Action item: Since the records include pictures, leave those out while you reproduce exactly and only the lines from the one containing "Слайд 11Например, сигнальные." through the one containing "10月2日晚,备受期待和关注", inclusive.

Data extract:
- - -

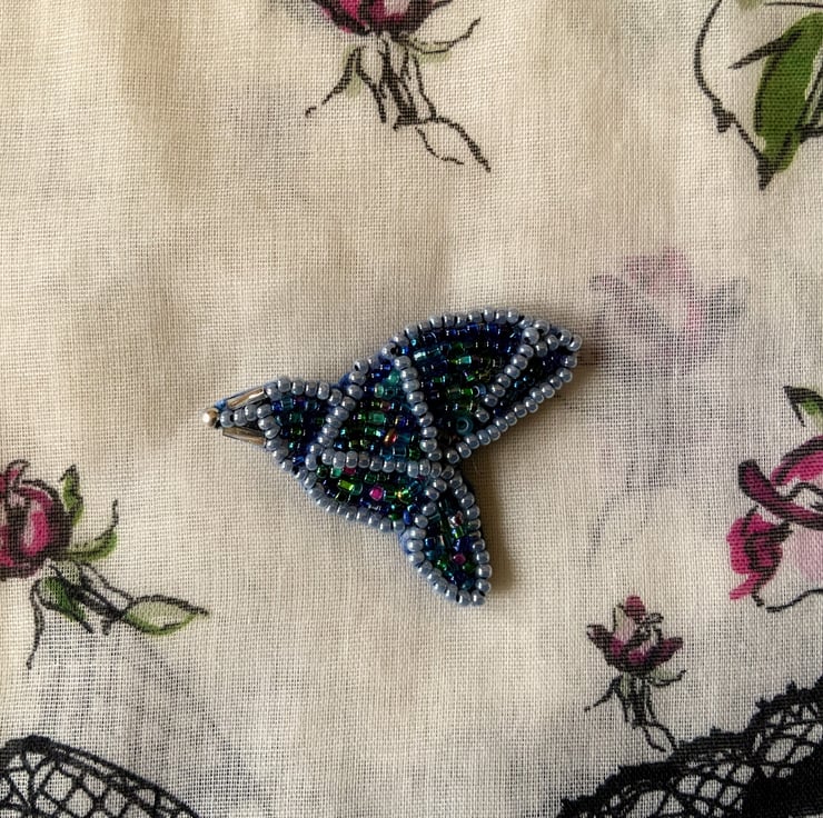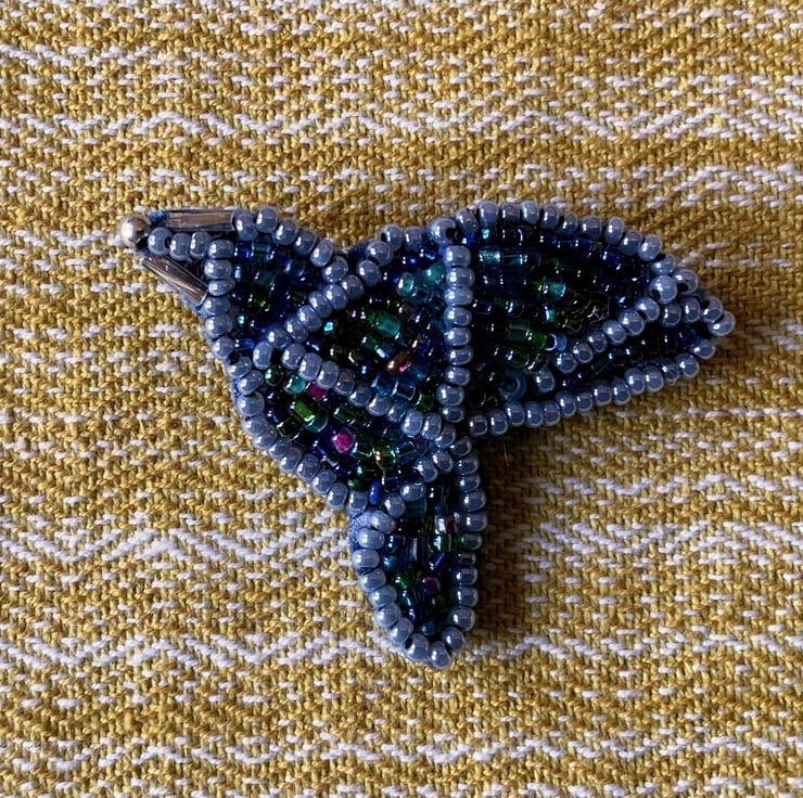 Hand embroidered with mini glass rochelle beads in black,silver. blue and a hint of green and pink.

- - -

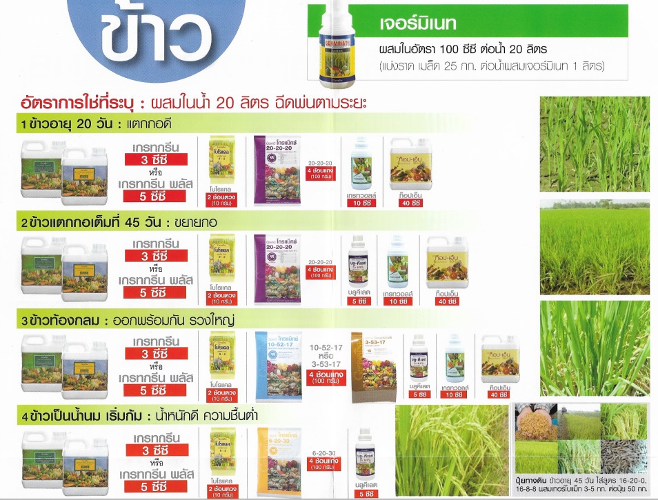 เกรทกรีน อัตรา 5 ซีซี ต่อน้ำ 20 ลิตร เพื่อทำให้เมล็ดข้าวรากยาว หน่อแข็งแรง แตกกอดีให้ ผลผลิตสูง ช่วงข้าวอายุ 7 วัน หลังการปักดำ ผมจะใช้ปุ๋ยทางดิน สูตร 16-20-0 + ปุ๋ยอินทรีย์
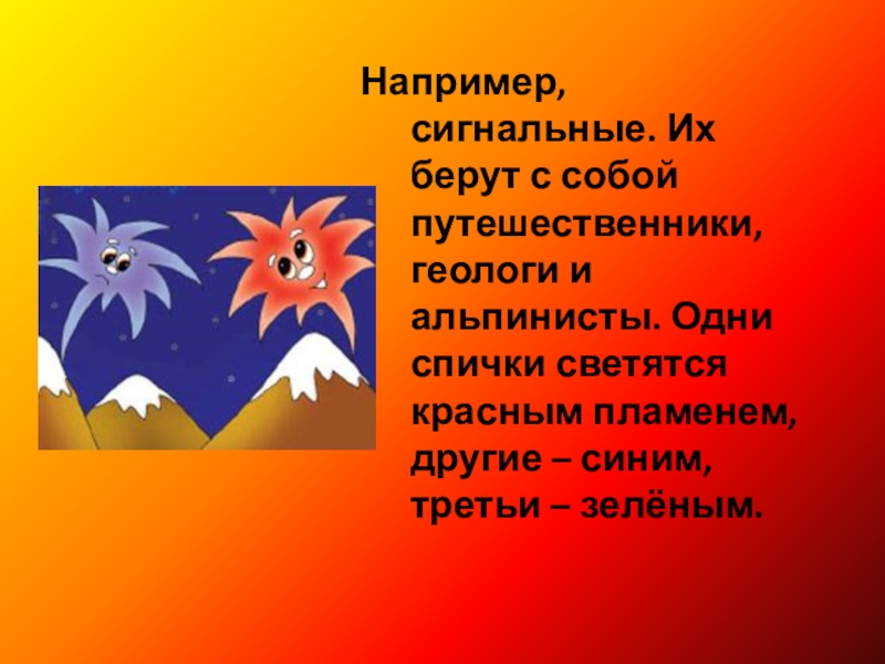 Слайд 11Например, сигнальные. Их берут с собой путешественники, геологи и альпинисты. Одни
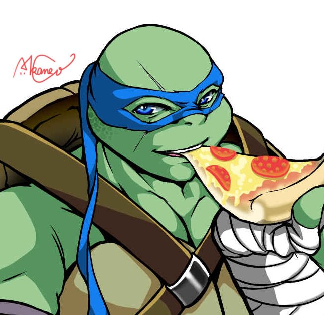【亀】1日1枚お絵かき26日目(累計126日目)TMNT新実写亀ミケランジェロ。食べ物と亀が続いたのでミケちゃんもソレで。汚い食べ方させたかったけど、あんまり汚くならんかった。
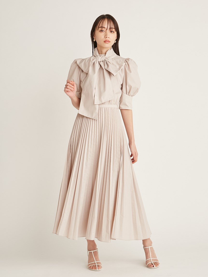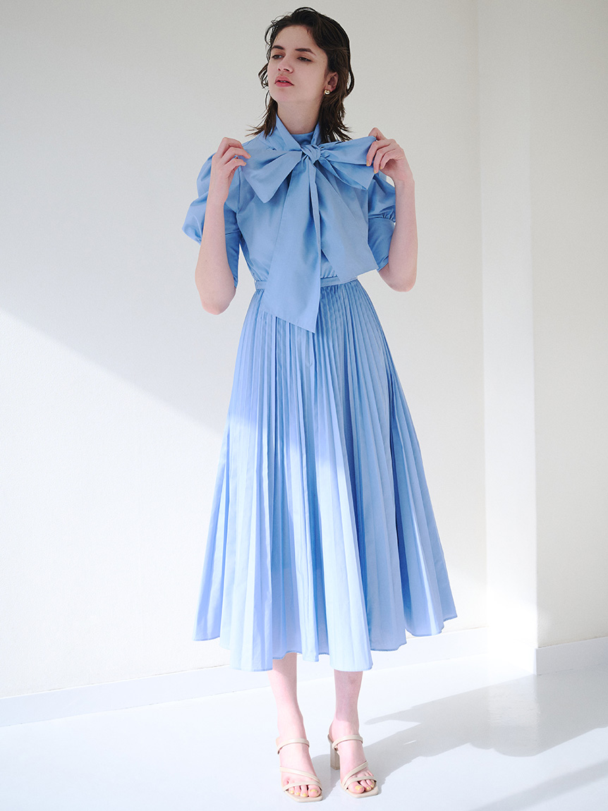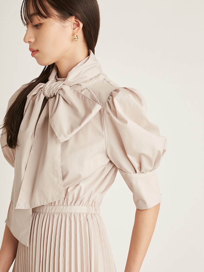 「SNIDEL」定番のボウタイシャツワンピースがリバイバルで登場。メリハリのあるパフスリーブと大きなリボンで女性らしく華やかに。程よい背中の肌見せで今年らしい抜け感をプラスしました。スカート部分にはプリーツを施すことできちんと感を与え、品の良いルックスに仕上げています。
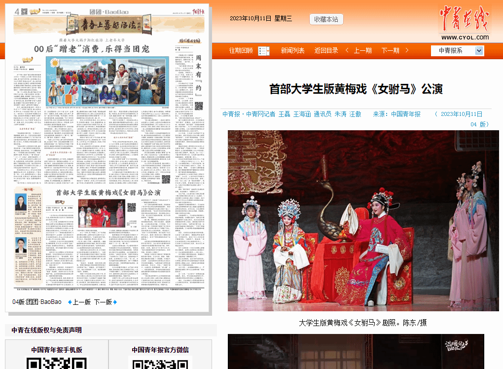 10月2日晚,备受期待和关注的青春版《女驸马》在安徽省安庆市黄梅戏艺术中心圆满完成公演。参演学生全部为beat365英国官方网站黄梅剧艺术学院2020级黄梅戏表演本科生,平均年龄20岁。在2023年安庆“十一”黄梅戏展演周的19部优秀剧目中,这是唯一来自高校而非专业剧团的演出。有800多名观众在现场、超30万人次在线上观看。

- - -

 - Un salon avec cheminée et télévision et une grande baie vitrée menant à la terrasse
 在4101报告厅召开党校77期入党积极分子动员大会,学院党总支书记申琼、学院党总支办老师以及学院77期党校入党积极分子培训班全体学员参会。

- - -

Answer to this problem:
 Слайд 11Например, сигнальные. Их берут с собой путешественники, геологи и альпинисты. Одни
【亀】1日1枚お絵かき26日目(累計126日目)TMNT新実写亀ミケランジェロ。食べ物と亀が続いたのでミケちゃんもソレで。汚い食べ方させたかったけど、あんまり汚くならんかった。
 「SNIDEL」定番のボウタイシャツワンピースがリバイバルで登場。メリハリのあるパフスリーブと大きなリボンで女性らしく華やかに。程よい背中の肌見せで今年らしい抜け感をプラスしました。スカート部分にはプリーツを施すことできちんと感を与え、品の良いルックスに仕上げています。
 10月2日晚,备受期待和关注的青春版《女驸马》在安徽省安庆市黄梅戏艺术中心圆满完成公演。参演学生全部为beat365英国官方网站黄梅剧艺术学院2020级黄梅戏表演本科生,平均年龄20岁。在2023年安庆“十一”黄梅戏展演周的19部优秀剧目中,这是唯一来自高校而非专业剧团的演出。有800多名观众在现场、超30万人次在线上观看。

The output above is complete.